Monday 1 October 2012

Help!

A little digression today about a common musical emergency. That great hit song. In this case, Umbrella by Rihanna. You want to play it so you get an easy arrangement from the local music shop. You get it back home and it doesn't sound anything like the record. That was the emergency faced by Jane, one of my piano students today. Boy, did that take me back! When I was a teenager in Abertillery we'd go to Paul's music shop in Somerset Street on a Saturday afternoon and all the latest songs would be displayed in the window of what was essentially quite a small terraced house. Inside, in the front room there was a kind of big table with a board stood up at the back and it was all covered with sheet music.
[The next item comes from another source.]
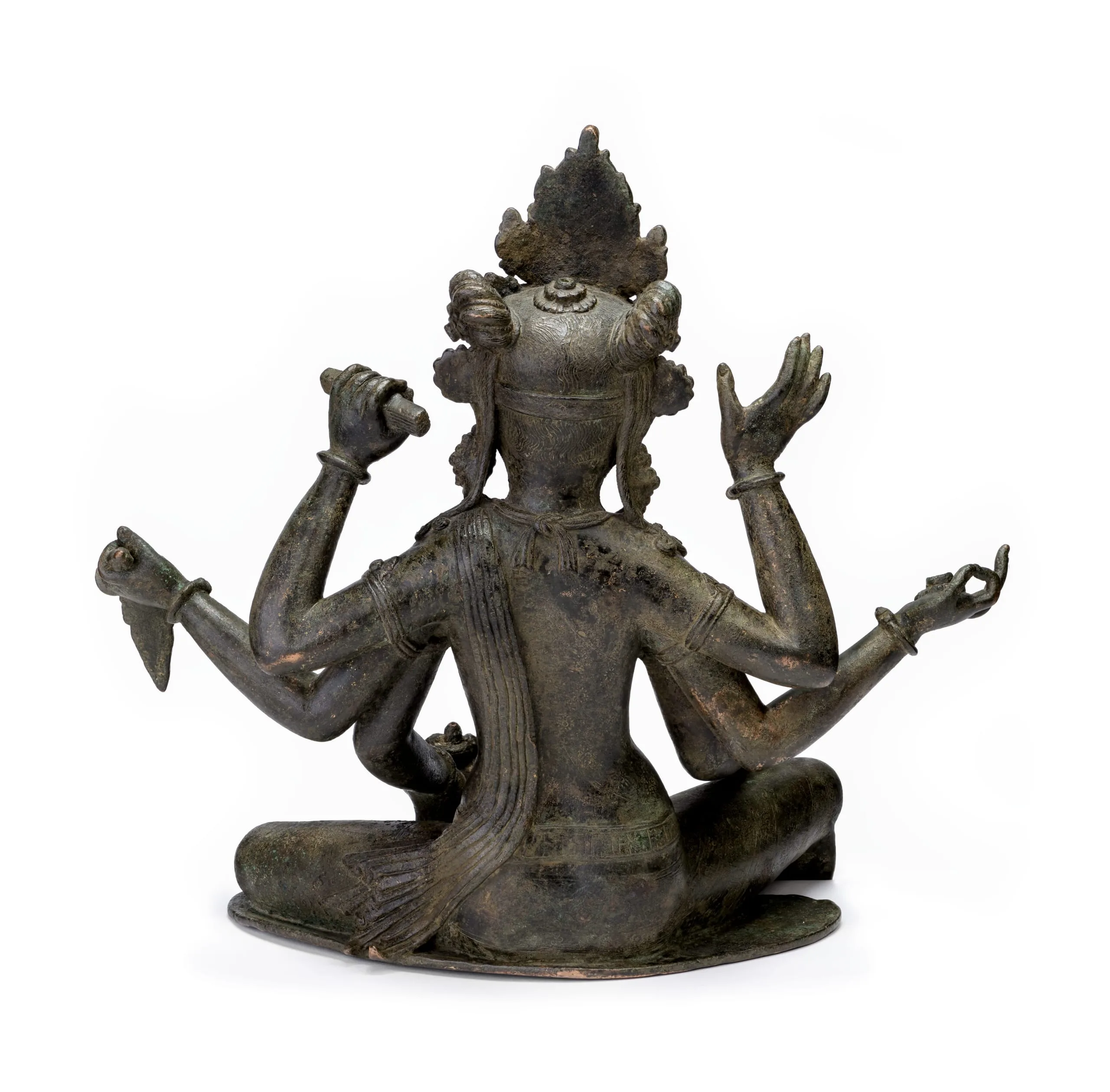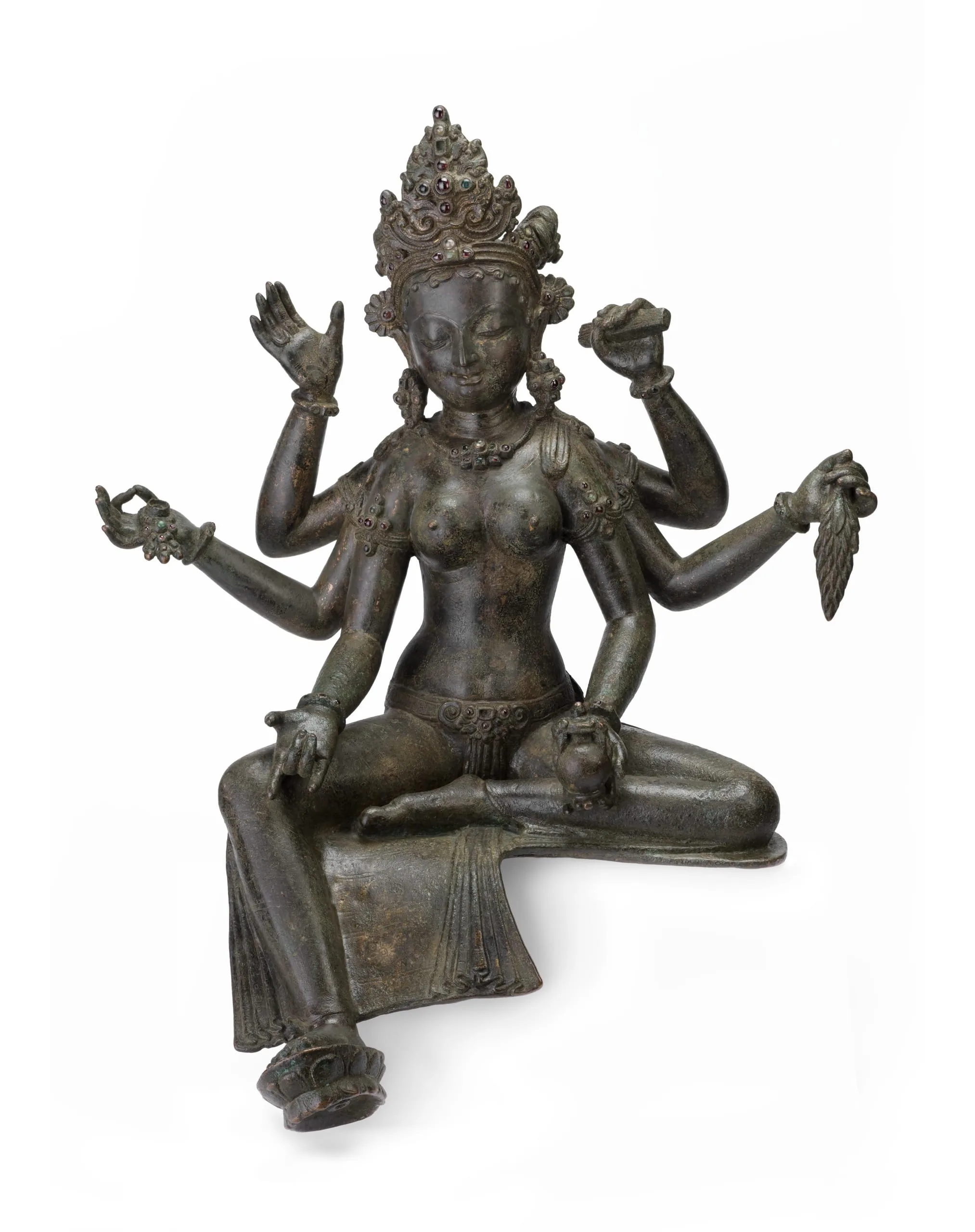 Vasundhara is crowned and wears elegant gem-encrusted jewelry. She sits in a relaxed posture (lalita asana) with her right leg pendant and supported by the pericarp of a lotus flower (karnika). Her lower right hand is held in the gesture of charity (varada mudra). Her middle right hand holds a sheath of jewels (ratna manjari). Her upper right hand is raised with an open-palm gesture that pays homage to the Buddha (tathagata vandana). Her lower left hand holds an auspicious water pot. Her middle left hand holds a sheaf of grain (dhanya manjari). Her upper left hand carries a manuscript of the Prajnaparamita (Perfection of Wisdom). The sacred text and Buddha-adoring gesture demonstrate Vasundhara’s identification with Prajnaparamita, as the “mother of all Buddhas.”
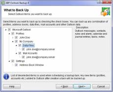 Keywords: outlook, backup, save, data, contacts, emails, transfer, move, restore, ms office ABF Outlook Backup is a handy tool to backup Microsoft Outlook. It enables user to save all important Outlook data, including email messages, contacts, mail accounts, calendar, journal, tasks and notes, rules and alerts, RSS feeds, templates, signatures and stationery. With ABF Outlook Backup user can save backed up data to local hard drive, remote computer using LAN, flash drives and even burn backup file to CD or DVD. Backup files can be protected with a password to avoid unauthorized access to private data. Also, using ABF Outlook Backup Task builder a user can easily automate backup and restore processes. ABF Outlook Backup may be easily used to migrate from one version of Outlook to another, just as to move Outlook data between several computers. Program supports all versions of MS Outlook including Outlook 97/98/2000/2002/2003/2007/2010/2013/2016. ABF Outlook Backup has well-though wizard interface, so even a beginner will easily master the program.

Every surface. It doesn't matter what you wanted to play, Lottie Paul would shuffle out from whatever was through the mysterious doorway to the left of all the clutter and would always be able to find it somehow. For instance, Bryan Ferry brought out a version of These Foolish Things and she found it easily and we came back home with it. In the front room with my "classical piano training" I puzzled it out - it was our second piano by now, a little better than the first one but a full semitone flat. My rendition sounded OK . . . but there was something lacking. Meanwhile, Dylan with his guitar was singing a great version of it. "What are you doing, Dylan? You can't even read music but you can sing the song!" "I'm just playing the guitar chords. See these letters above the music? C . . . F . . . em - that means C major, F major, E minor and so on." It's a big step forward on the piano when you can construct the chords at the keyboard from those letters. Back to Umbrella by Rihanna. Apparently, it took four people to write that, yet it can all be played just on the white notes of the piano with three note chords in the left hand. Essentially, you play the letter name of the chord, call it number one and add three and five up from it. If it doesn't sound quite right, you mess around with the middle note, number three. Emergency sorted! Meanwhile Rihanna is probably saying, "I wish somebody would write me another Umbrella." That's one great thing about music: it's so simple but it can earn you millions of pounds - but only if you get it right.